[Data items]
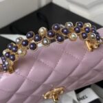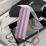 New Chanel 24p Top Handle WOC Pearl Handle Gold Embossed Double C Button Shiny Crinkled Lambskin Purple
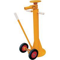 - Cavalletto di sicurezza per il carico/scarico dei rimorchi, con una portata di 15T. Altezza regolabile da 1080 mm a 1280 mm (5 livelli) per limitare lo spazio con il rimorchio. Grande superficie d'appoggio di 1200 mm in legno e staffe 140x120mm. Ruote con diametro di 200 mm antiforatura (rimovibili). Posizionabile facilmente sulla parte anteriore del rimorchio staccato (grazie alle 2 ruote rimovibili), evita il rischio di oscillazione in caso di guasto dei cavalletti di stazionamento.
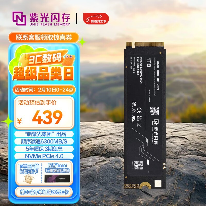 紫光UNIS FLASH MEMORY S2 Ultra 1TB 固态硬盘 417元
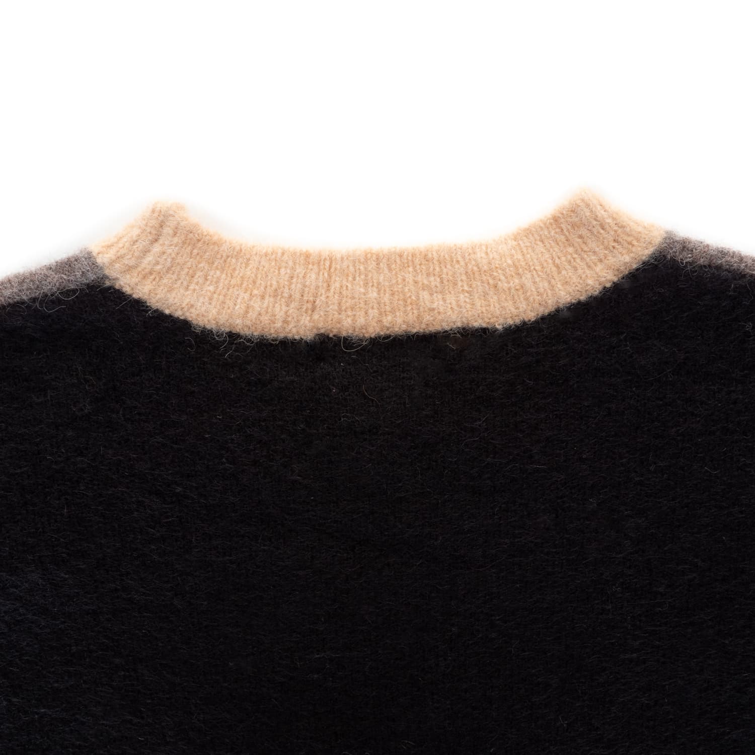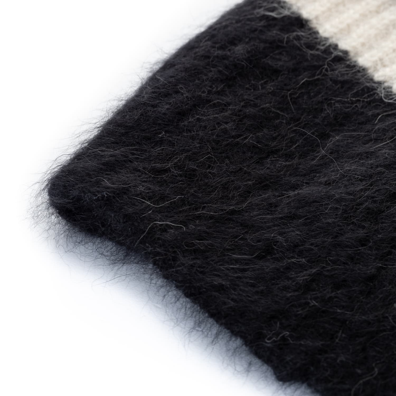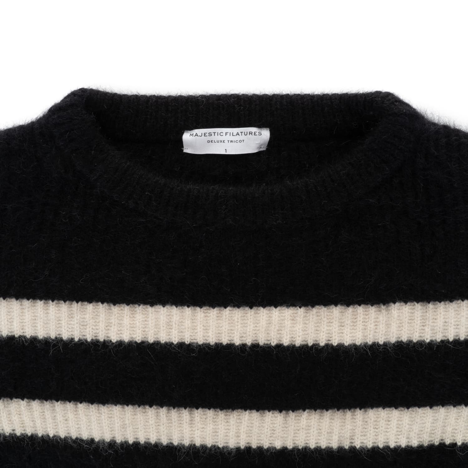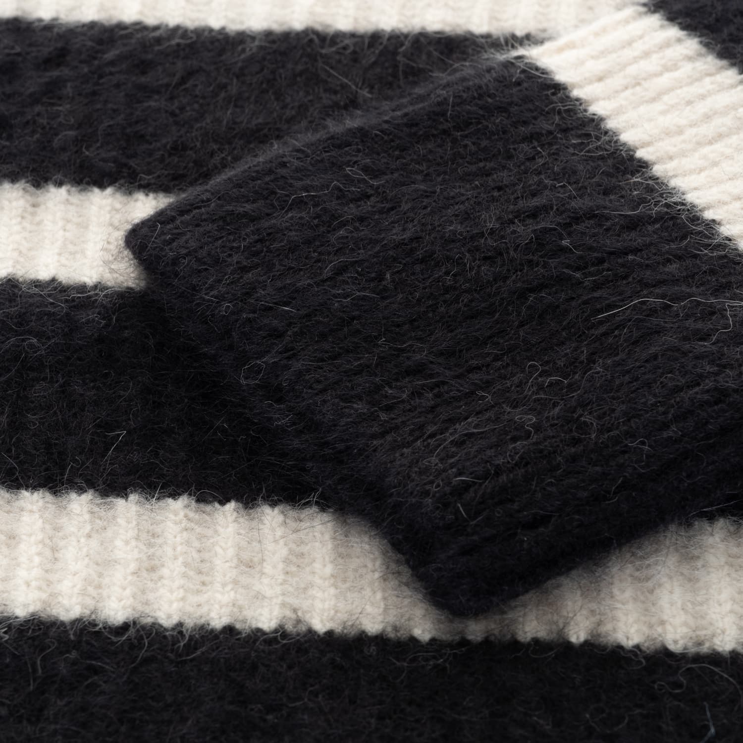 This luxurious knit sweater by Majestic Filatures impresses with its exceptionally fluffy feel and stylish striped design. Crafted from a premium material blend with a high percentage of wool and 40 % fox hair, this sweater offers a wonderfully soft and warm wearing experience. The modern black and natural stripe pattern and the contrasting neckline on the back create a refined look. Made in Portugal, this piece reflects timeless design and artisanal quality.
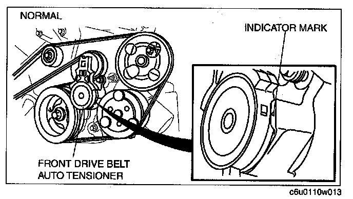 1. Verify that the front drive belt auto tensioner indicator mark does not exceeds the limit.
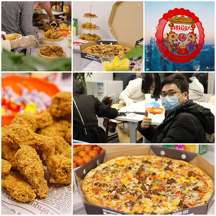 會后,公司為小伙伴兒們準備了豐盛的晚餐,超大尺寸的披薩、可口的甜甜圈、奶香的泡芙,大家品嘗著美食,分享著趣事,暢談著未來......
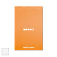 Rhodia dotPad head-stapled notepad, A4+ (210mm x 318mm). Coated card cover flips up and folds back out of the way. Card-backed notebook has 80 micro-perforated detachable sheets of top-quality 80gsm superfine vellum paper. Orange cover with white Rhodia logo.
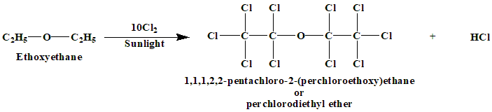 Since the compound \(X\) is Dimethyl ether, which when reacts with \(Cl_2\) in the presence of sunlight we get:
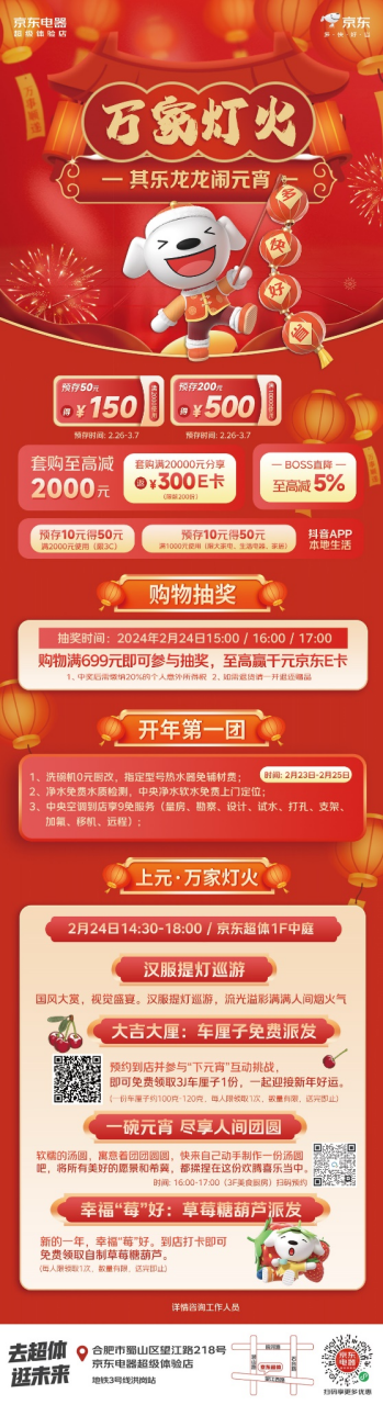 “目前,下元宵挑戰(zhàn)活動(dòng)已經(jīng)有超過(guò)20個(gè)消費(fèi)者在線(xiàn)上進(jìn)行了預(yù)約參與,我們也是非常誠(chéng)意的拿出參與即領(lǐng)3J車(chē)?yán)遄拥拿赓M(fèi)獎(jiǎng)品去回饋消費(fèi)者!本〇|電器合肥超級(jí)體驗(yàn)店?duì)I銷(xiāo)組負(fù)責(zé)人表示,還準(zhǔn)備了漢服提燈巡游,讓到店顧客感受流光溢彩的元宵節(jié)氛圍。

## Your task
Copy each line above exactly, with no images.

## Solution
 New Chanel 24p Top Handle WOC Pearl Handle Gold Embossed Double C Button Shiny Crinkled Lambskin Purple
 - Cavalletto di sicurezza per il carico/scarico dei rimorchi, con una portata di 15T. Altezza regolabile da 1080 mm a 1280 mm (5 livelli) per limitare lo spazio con il rimorchio. Grande superficie d'appoggio di 1200 mm in legno e staffe 140x120mm. Ruote con diametro di 200 mm antiforatura (rimovibili). Posizionabile facilmente sulla parte anteriore del rimorchio staccato (grazie alle 2 ruote rimovibili), evita il rischio di oscillazione in caso di guasto dei cavalletti di stazionamento.
 紫光UNIS FLASH MEMORY S2 Ultra 1TB 固态硬盘 417元
 This luxurious knit sweater by Majestic Filatures impresses with its exceptionally fluffy feel and stylish striped design. Crafted from a premium material blend with a high percentage of wool and 40 % fox hair, this sweater offers a wonderfully soft and warm wearing experience. The modern black and natural stripe pattern and the contrasting neckline on the back create a refined look. Made in Portugal, this piece reflects timeless design and artisanal quality.
 1. Verify that the front drive belt auto tensioner indicator mark does not exceeds the limit.
 會后,公司為小伙伴兒們準備了豐盛的晚餐,超大尺寸的披薩、可口的甜甜圈、奶香的泡芙,大家品嘗著美食,分享著趣事,暢談著未來......
 Rhodia dotPad head-stapled notepad, A4+ (210mm x 318mm). Coated card cover flips up and folds back out of the way. Card-backed notebook has 80 micro-perforated detachable sheets of top-quality 80gsm superfine vellum paper. Orange cover with white Rhodia logo.
 Since the compound \(X\) is Dimethyl ether, which when reacts with \(Cl_2\) in the presence of sunlight we get:
 “目前,下元宵挑戰(zhàn)活動(dòng)已經(jīng)有超過(guò)20個(gè)消費(fèi)者在線(xiàn)上進(jìn)行了預(yù)約參與,我們也是非常誠(chéng)意的拿出參與即領(lǐng)3J車(chē)?yán)遄拥拿赓M(fèi)獎(jiǎng)品去回饋消費(fèi)者!本〇|電器合肥超級(jí)體驗(yàn)店?duì)I銷(xiāo)組負(fù)責(zé)人表示,還準(zhǔn)備了漢服提燈巡游,讓到店顧客感受流光溢彩的元宵節(jié)氛圍。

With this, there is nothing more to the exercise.